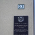 "E házban élt és alkotott Dr. Kuntár Lajos 1914 - 2005 újságíró, könyvtáros, népművelő, helytörténész, kiadványszerkesztő.
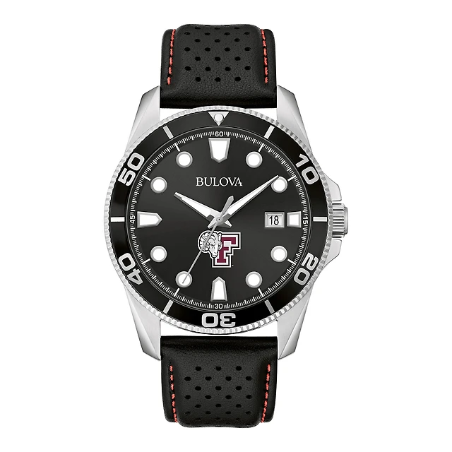 Men's Bulova Black Fordham Rams Sport Leather Strap Watch
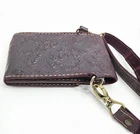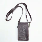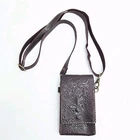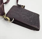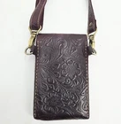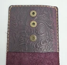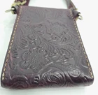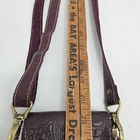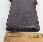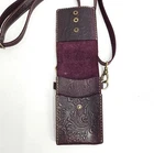 Hand tooled genuine leather crossbody bag in merlot burgundy, featuring tooled details. This small-sized bag has a rectangular shape with a snap closure and suede lining. It comes with an adjustable crossbody strap, making it suitable for various occasions like travel, parties, or workwear. This lightweight and classic bag exudes a Western and bohemian theme Great pre-owned condition
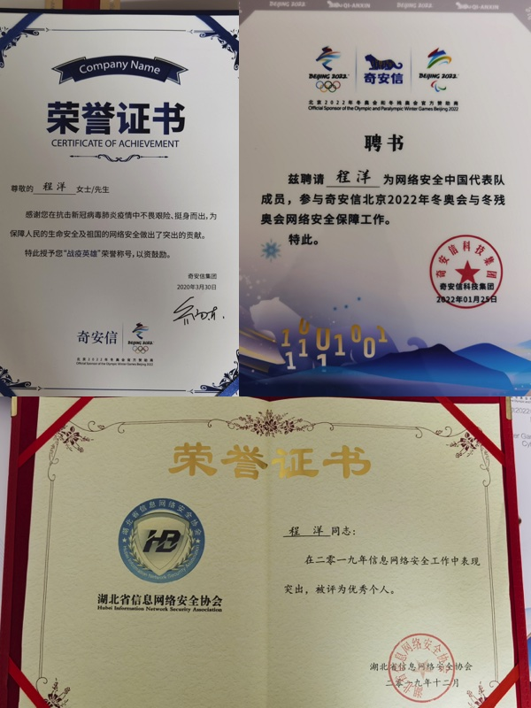 编者按:他曾把自己的“论文”写在火神山医院和北京冬奥会、冬残奥会的网络安全维护工作中,展现了新时期地大计科人的风采。他就是2015年从我院信息安全专业毕业的程洋校友,师从宋军老师,现就职于奇安信科技集团股份有限公司,负责湖北区域技术组工作,从事信息安全、网络攻防相关研究。
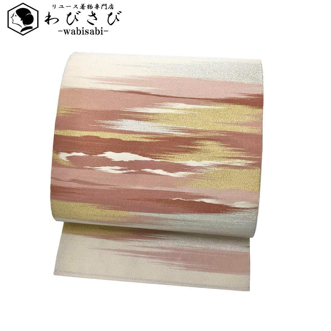 - 袋帯 綴れ 上品な霞模様 金銀糸 真珠色 O-3334 着物 きもの kimono 和服 和装 中古 リサイクル着物 【送料無料】
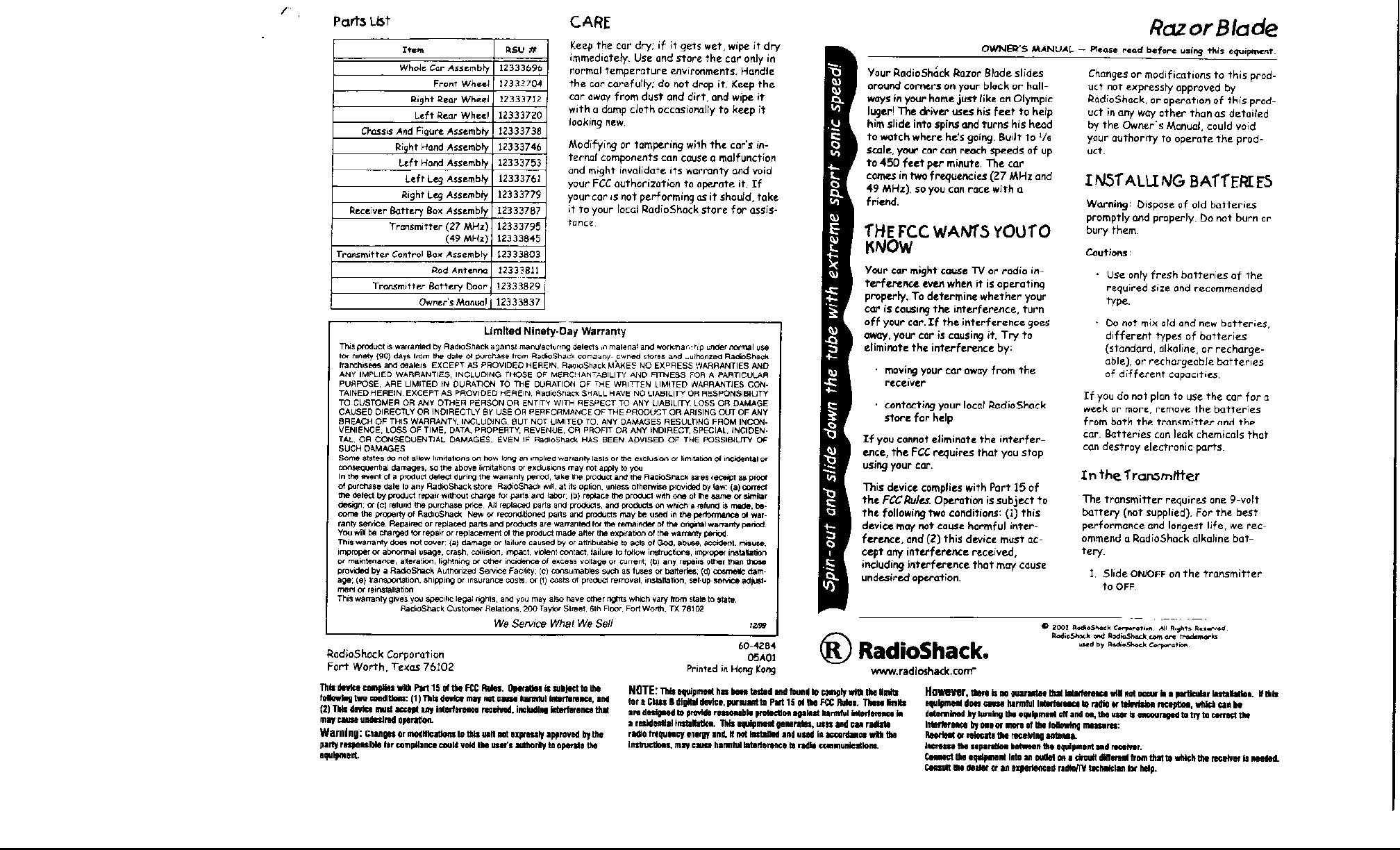 Radio Shack 6004284RX Remote Contro Toy Car User Manual Manual

****

• _Description of the task_
In the copy, include each line from the start of the material through the line with "- 袋帯 綴れ 上品な霞模様", word for word, but none of the pictures.

• _Task solution_
 "E házban élt és alkotott Dr. Kuntár Lajos 1914 - 2005 újságíró, könyvtáros, népművelő, helytörténész, kiadványszerkesztő.
 Men's Bulova Black Fordham Rams Sport Leather Strap Watch
 Hand tooled genuine leather crossbody bag in merlot burgundy, featuring tooled details. This small-sized bag has a rectangular shape with a snap closure and suede lining. It comes with an adjustable crossbody strap, making it suitable for various occasions like travel, parties, or workwear. This lightweight and classic bag exudes a Western and bohemian theme Great pre-owned condition
 编者按:他曾把自己的“论文”写在火神山医院和北京冬奥会、冬残奥会的网络安全维护工作中,展现了新时期地大计科人的风采。他就是2015年从我院信息安全专业毕业的程洋校友,师从宋军老师,现就职于奇安信科技集团股份有限公司,负责湖北区域技术组工作,从事信息安全、网络攻防相关研究。
 - 袋帯 綴れ 上品な霞模様 金銀糸 真珠色 O-3334 着物 きもの kimono 和服 和装 中古 リサイクル着物 【送料無料】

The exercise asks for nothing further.